Em junho de 2007 recebi um telefonema no qual me informaram que tinha sido escolhido para uma das duas vagas. Mantive-me na Rádio como Jornalista e iniciei, em paralelo, a função de Locutor em julho do mesmo ano.

Foi um período alucinante. Em agosto inaugurei uma Croissanteria no Entroncamento. A par de tudo isto, estava ainda a dar formação de “Dicção de Rádio” nas instalações da ARIC (Associação de Rádios de inspiração Cristã), em Fátima. Estava ainda a gravar um projecto piloto de 13 programas para a RTP e tinha a agenda cheia como DJ.

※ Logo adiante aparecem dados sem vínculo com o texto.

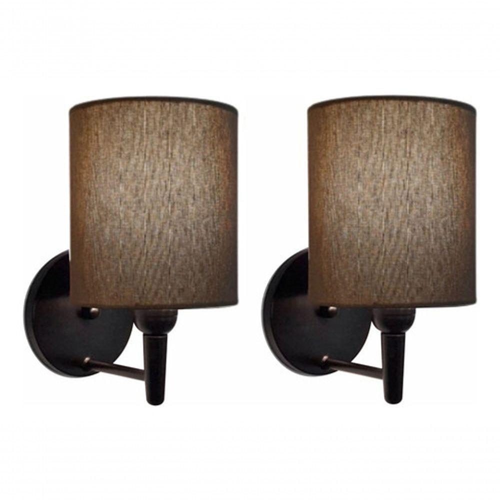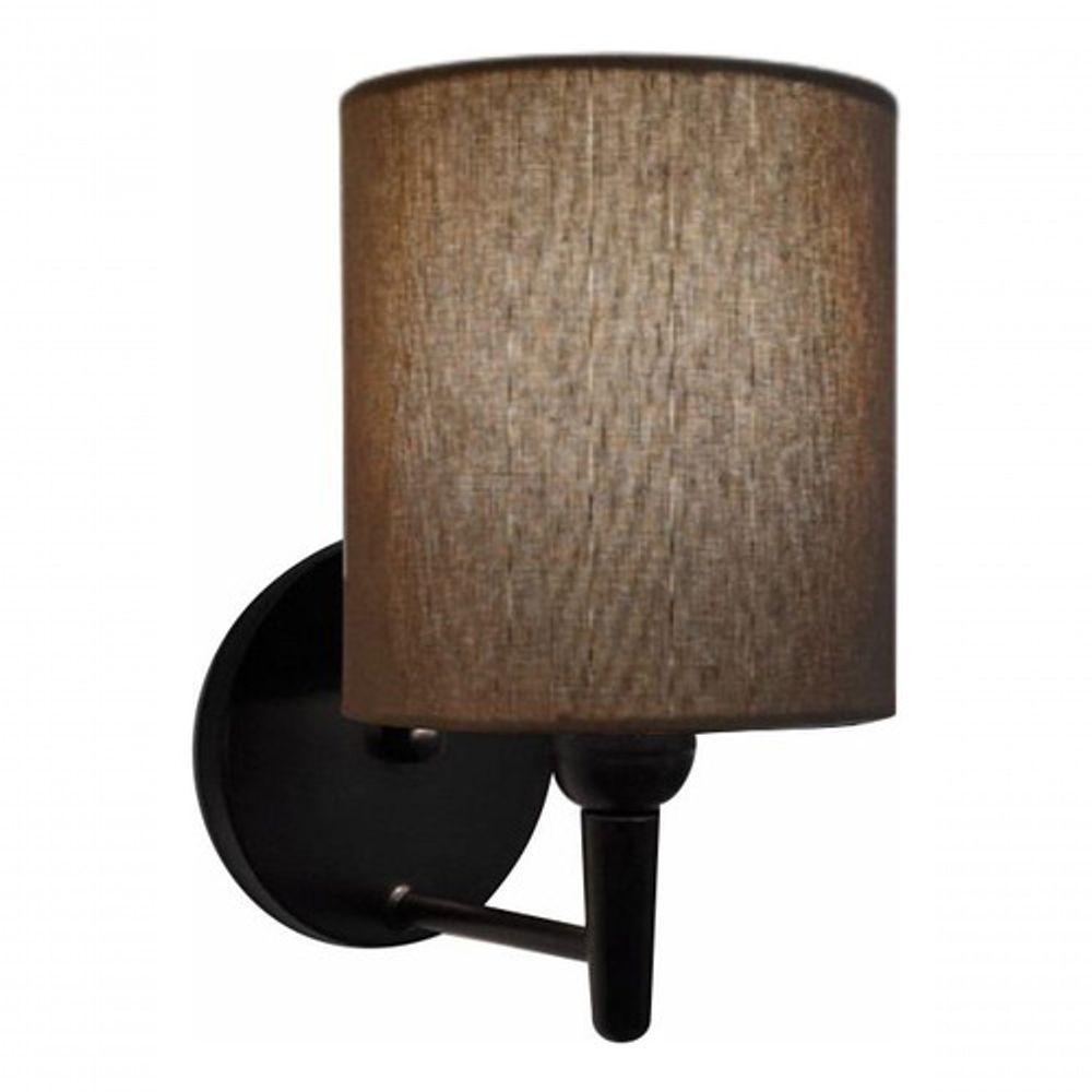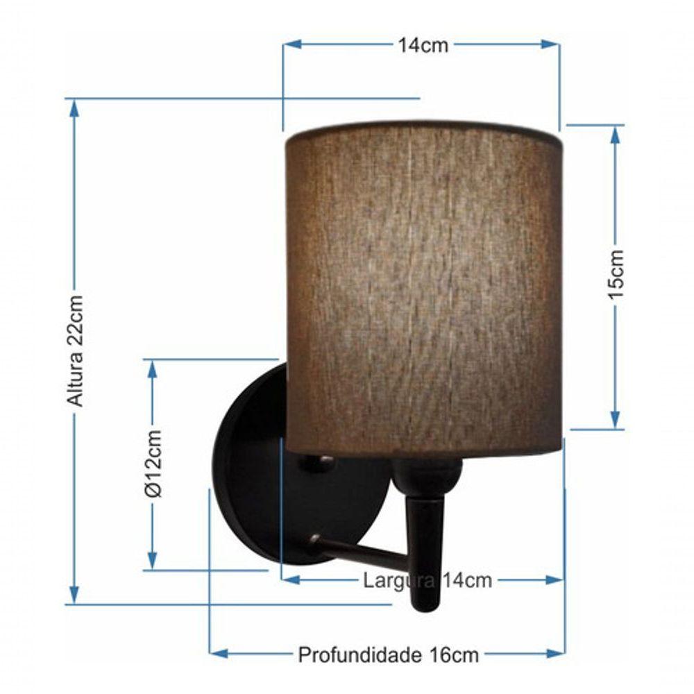 Kit-2 Arandela Cilíndrica Md-2009 Base Preto Cúpula Em Tecido 14x15cm Caqui - Bivolt

Foi um ritmo alucinante de trabalho que mantive até 2009.  

 

   

   ACQJFM.: Quais são as suas principais tarefas?

 

   PD.: Na TVI, a principal função é a da criação de textos e a respetiva locução nos genéricos dos programas e telenovelas. Tenho de deixar o espetador “colado” à TV enquanto não entra a publicidade. É como quem deixa um convite por voz para que  se continue do outro lado e na nossa companhia. Depois, no decorrer dos programas, criamos as frases (tickers) que passam em rodapé, informando o que vai ser transmitido a seguir.

 

   

   ACQJFM.: Quais são as maiores dificuldades na sua profissão?

   

   PD.: Para mim, a maior dificuldade é criar um texto sempre mais apelativo e que desperte a curiosidade do espectador em relação ao último que fiz. O tempo é curto e a imaginação tem que funcionar.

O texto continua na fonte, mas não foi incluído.